Finally, after the document has been indexed, there needs to be some way for the user to query the search index. The query component takes queries expressed by the user and translates them into the index access operations needed to find all the matching documents. The query component is normally tightly related to the indexer component, because they both contain information about the structure and organization of the inverse index and typically need to use the same analyzer configuration to map both documents and queries to the same underlying index terms. Because of this interdependence, you’ll normally use the same library or framework for both of these components.

Search is useful as a standalone service, but elements of search engines are often found also in other types of information-processing systems. This is natural, both because search is such an important feature and because the crawling and extraction components of a search engine are useful also in other applications. In the next section we’ll look at two broad categories of such applications.

9.2. Managing and mining information

A classic search engine as described in the previous section deals with documents that are stored and managed elsewhere and produces results that typically point to those external resources. What if your application is in charge of managing all those documents or needs to produce high-level reports that summarize or combine the contained information in some intelligent manner? These are the two categories of information-processing systems that we’ll cover next.

The first category is document management systems, of which there are quite a few different types, ranging from personal information management systems to huge record archives. The second is the emerging field of text mining, which has experienced some nice advances in recent years. Let’s start with document management.

9.2.1. Document management systems

Understood broadly, a document management system combines a document collection and search engine into a single service. Such a system takes care of storing, classifying, archiving, and tracking documents or other sorts of digital assets, and provides support for accessing the documents in various different ways, including searching and reporting. Often a document management system also includes things such as workflow support and integration with various other systems, for example, Documentum, SharePoint, and so on.

Common examples of document management are content, asset, and records management systems used by many companies. Even tools such as customer relationship management systems have similar features or contain an embedded document database, because they need to efficiently track and access documents such as sales quotes, customer requests, and other related correspondence.

Figure 9.3 shows a high-level overview of the typical architecture of a document management system. The system consists of a document database and a search index for locating documents within the database.
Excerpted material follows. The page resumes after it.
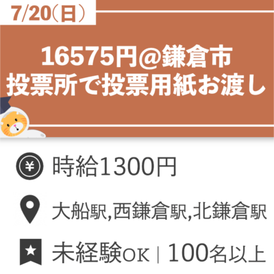 ⇒八王子駅に戻り給与受け取り後、解散(8:00頃解散予定)

Figure 9.3. Overview of a document management system

A document management system can use Tika not only as a part of the embedded search index, but also as a tool for helping automatically classify documents and report document characteristics. The metadata extraction (see chapter 6) and language detection (see chapter 7) capabilities of Tika are often highly useful, as they allow the system to better understand and categorize a document that might otherwise look like a bunch of bits that a user would need to explicitly classify. Even the basic type detection feature discussed in chapter 4 can be important for such a system.

Downloads Done Right A web-based document management system normally needs to provide a way for users to download documents for local review and editing. An important part of such a feature is annotating the download with a Content-Type header that contains the correct media type of the document, because without that information it’s difficult for the browser to determine how to best handle the document. With Tika’s automatic type detection there’s no excuse not to provide that information.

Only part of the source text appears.